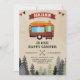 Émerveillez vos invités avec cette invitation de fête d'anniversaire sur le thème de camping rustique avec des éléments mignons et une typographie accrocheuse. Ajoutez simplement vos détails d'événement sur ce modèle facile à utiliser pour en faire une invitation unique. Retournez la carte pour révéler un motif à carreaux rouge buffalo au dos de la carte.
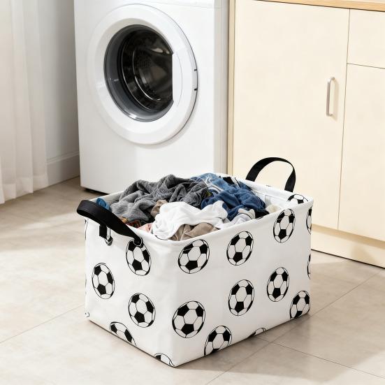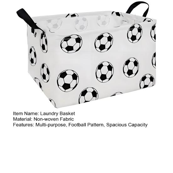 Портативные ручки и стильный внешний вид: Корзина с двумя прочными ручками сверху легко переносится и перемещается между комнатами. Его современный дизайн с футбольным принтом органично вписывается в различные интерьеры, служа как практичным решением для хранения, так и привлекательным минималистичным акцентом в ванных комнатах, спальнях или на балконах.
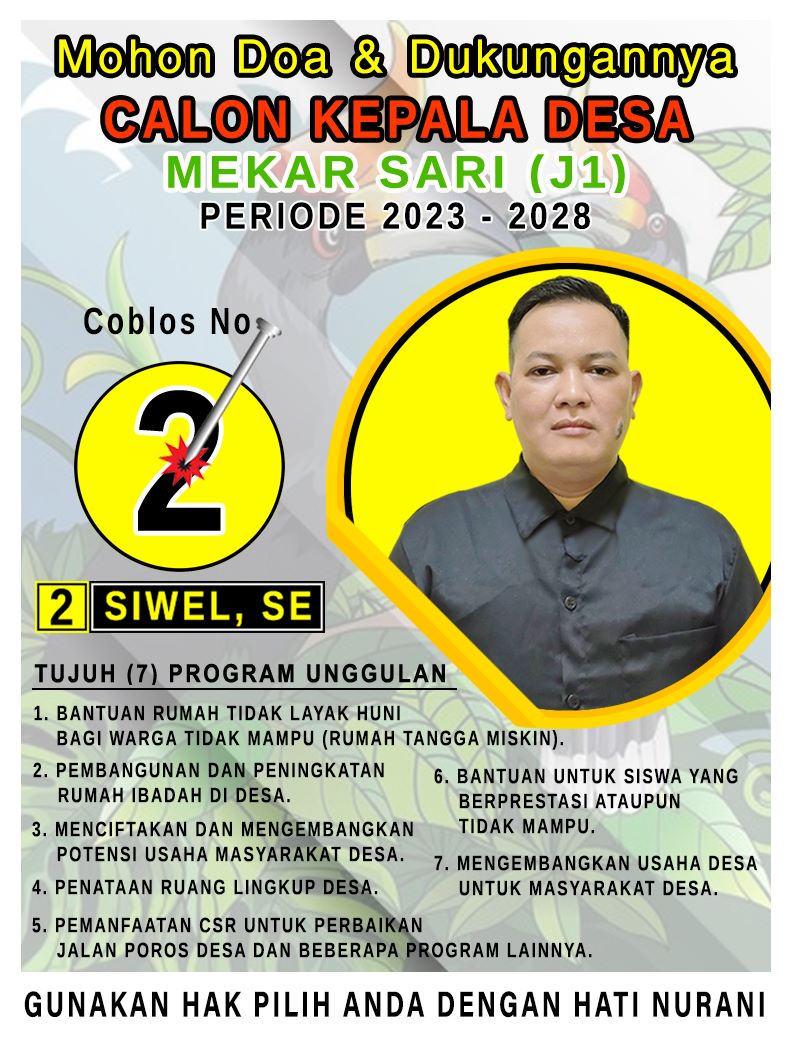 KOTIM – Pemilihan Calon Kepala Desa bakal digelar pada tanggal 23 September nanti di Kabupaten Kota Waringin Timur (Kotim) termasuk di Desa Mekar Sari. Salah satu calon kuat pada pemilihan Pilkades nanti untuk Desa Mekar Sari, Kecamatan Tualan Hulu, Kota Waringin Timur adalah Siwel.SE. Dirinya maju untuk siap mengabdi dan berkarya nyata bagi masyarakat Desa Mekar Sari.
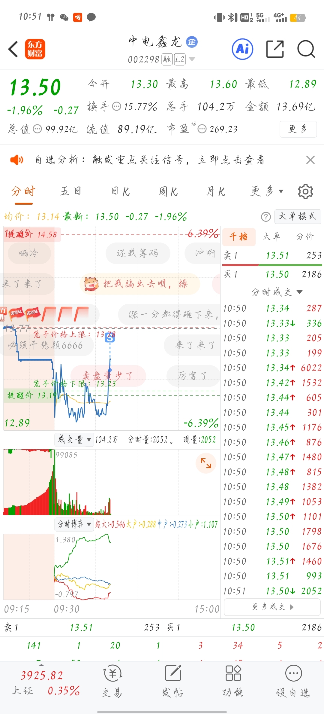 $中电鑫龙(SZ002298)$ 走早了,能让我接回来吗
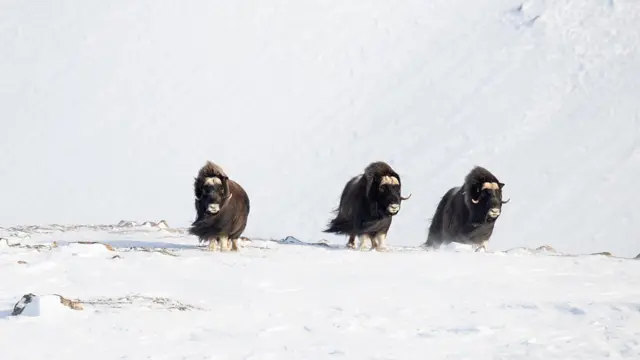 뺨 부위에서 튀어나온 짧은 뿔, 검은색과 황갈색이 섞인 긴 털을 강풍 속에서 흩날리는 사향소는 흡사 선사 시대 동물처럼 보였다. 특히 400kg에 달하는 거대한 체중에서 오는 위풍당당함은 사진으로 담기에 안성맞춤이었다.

**What the task requires:** Reproduce the whole listing exactly, but not the images in it.

**Finished exercise:**
 Émerveillez vos invités avec cette invitation de fête d'anniversaire sur le thème de camping rustique avec des éléments mignons et une typographie accrocheuse. Ajoutez simplement vos détails d'événement sur ce modèle facile à utiliser pour en faire une invitation unique. Retournez la carte pour révéler un motif à carreaux rouge buffalo au dos de la carte.
 Портативные ручки и стильный внешний вид: Корзина с двумя прочными ручками сверху легко переносится и перемещается между комнатами. Его современный дизайн с футбольным принтом органично вписывается в различные интерьеры, служа как практичным решением для хранения, так и привлекательным минималистичным акцентом в ванных комнатах, спальнях или на балконах.
 KOTIM – Pemilihan Calon Kepala Desa bakal digelar pada tanggal 23 September nanti di Kabupaten Kota Waringin Timur (Kotim) termasuk di Desa Mekar Sari. Salah satu calon kuat pada pemilihan Pilkades nanti untuk Desa Mekar Sari, Kecamatan Tualan Hulu, Kota Waringin Timur adalah Siwel.SE. Dirinya maju untuk siap mengabdi dan berkarya nyata bagi masyarakat Desa Mekar Sari.
 $中电鑫龙(SZ002298)$ 走早了,能让我接回来吗
 뺨 부위에서 튀어나온 짧은 뿔, 검은색과 황갈색이 섞인 긴 털을 강풍 속에서 흩날리는 사향소는 흡사 선사 시대 동물처럼 보였다. 특히 400kg에 달하는 거대한 체중에서 오는 위풍당당함은 사진으로 담기에 안성맞춤이었다.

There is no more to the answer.